The hl.concordance()
function seems like a good choice. However, it requires that you have two MatrixTables with matching sample names (it does not support 1:many comparison).
To get around this requirement, I thought I would:
- create a MatrixTable with a single sample of PG NA12878 (called pg_biallelic_vars_chr22)
- iteratively
union_cols()
this to itself 100x (na12878_pg_100x) - duplicate my_na12878 sample ids, and key off these in the na12878_pg_100x
- save the 100x file so I could do other things with it (such as concordance)
This is the code I came up with (note that I filtered the PG calls down to biallelic and chr22 only):
n_samples = 100
na12878_pg_100x = pg_biallelic_vars_chr22
for n in range(1,n_samples):
na12878_pg_100x = na12878_pg_100x.union_cols(pg_biallelic_vars_chr22)
na12878_pg_100x = na12878_pg_100x.add_col_index()

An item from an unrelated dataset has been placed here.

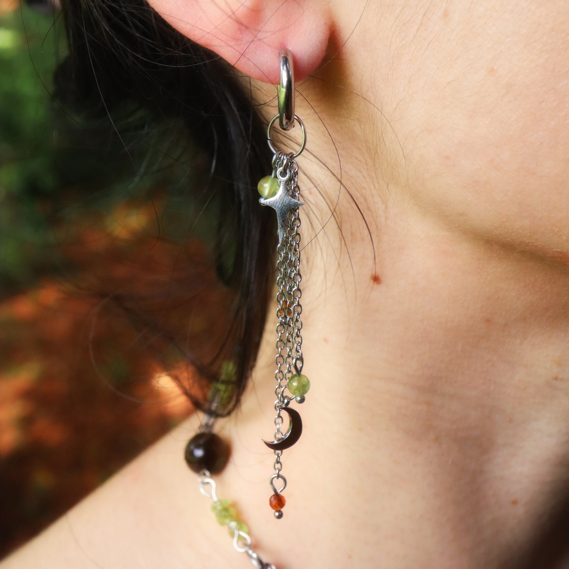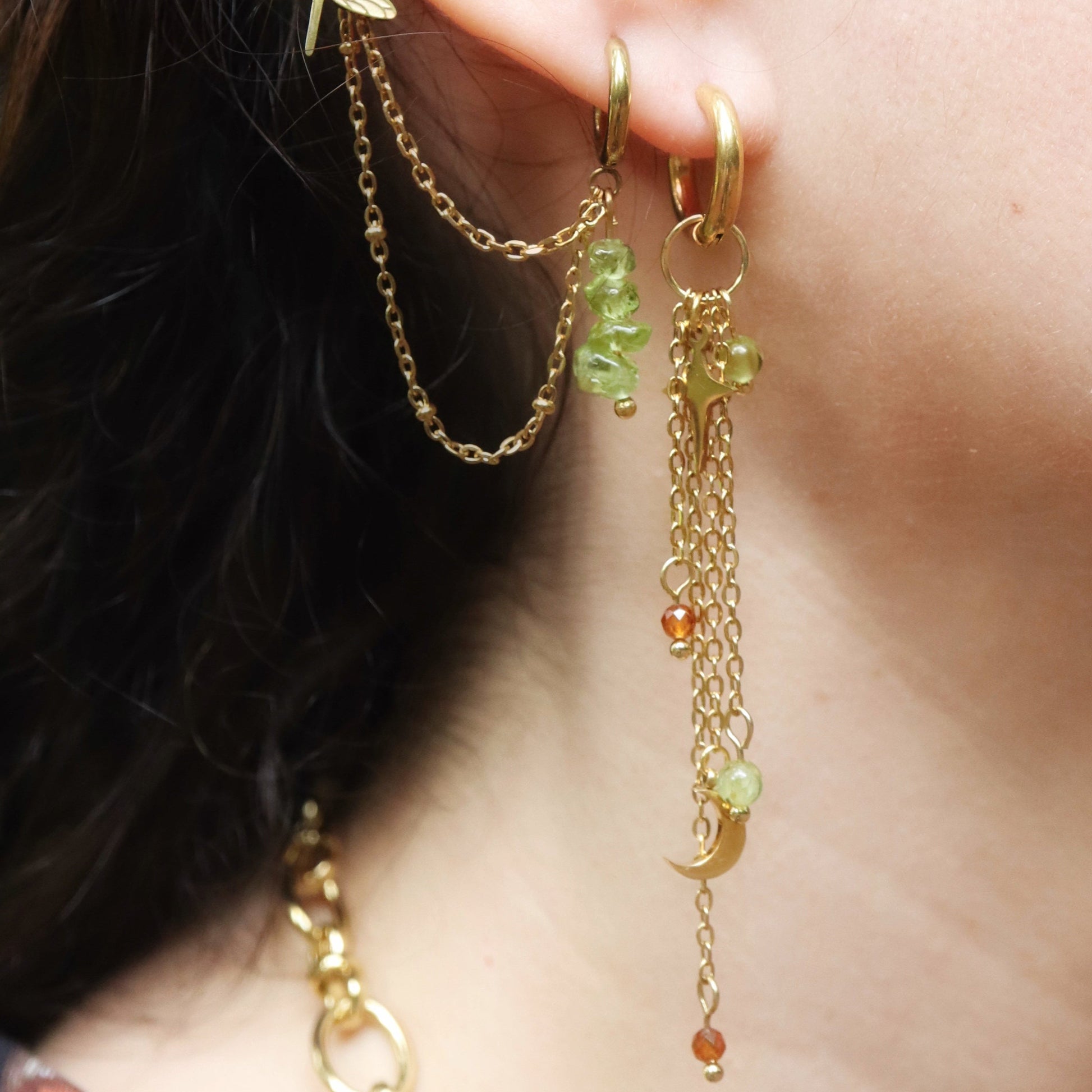 It's raining spells! Si toi aussi tu es prête à faire pleuvoir les sorts, alors tu es faite pour cette mono-boucle aux vertus singulières. Sa cascade de perles aux couleurs automnales et son petit croissant de lune t'accompagneront aux réunions de ton coven, dans tes rituels perso ou simplement au quotidien pour manifester de nouvelles opportunités...

# we need the keyed sample name to match for the "concordance" calculation, so take it from the real na12878 samples
na12878_pg_100x = na12878_pg_100x.annotate_cols(s2=hl.array(my_na12878.s.take(n_samples))[hl.int(na12878_pg_100x.col_idx)])
na12878_pg_100x = na12878_pg_100x.key_cols_by('s2')
na12878_pg_100x.cols().show(25)
fname = 's3://my-s3-path/samples_one_by_one.mt'
na12878_pg_100x.write(fname, overwrite=True) # <-- this is where it fails
na12878_pg_100x = hl.read_matrix_table(fname)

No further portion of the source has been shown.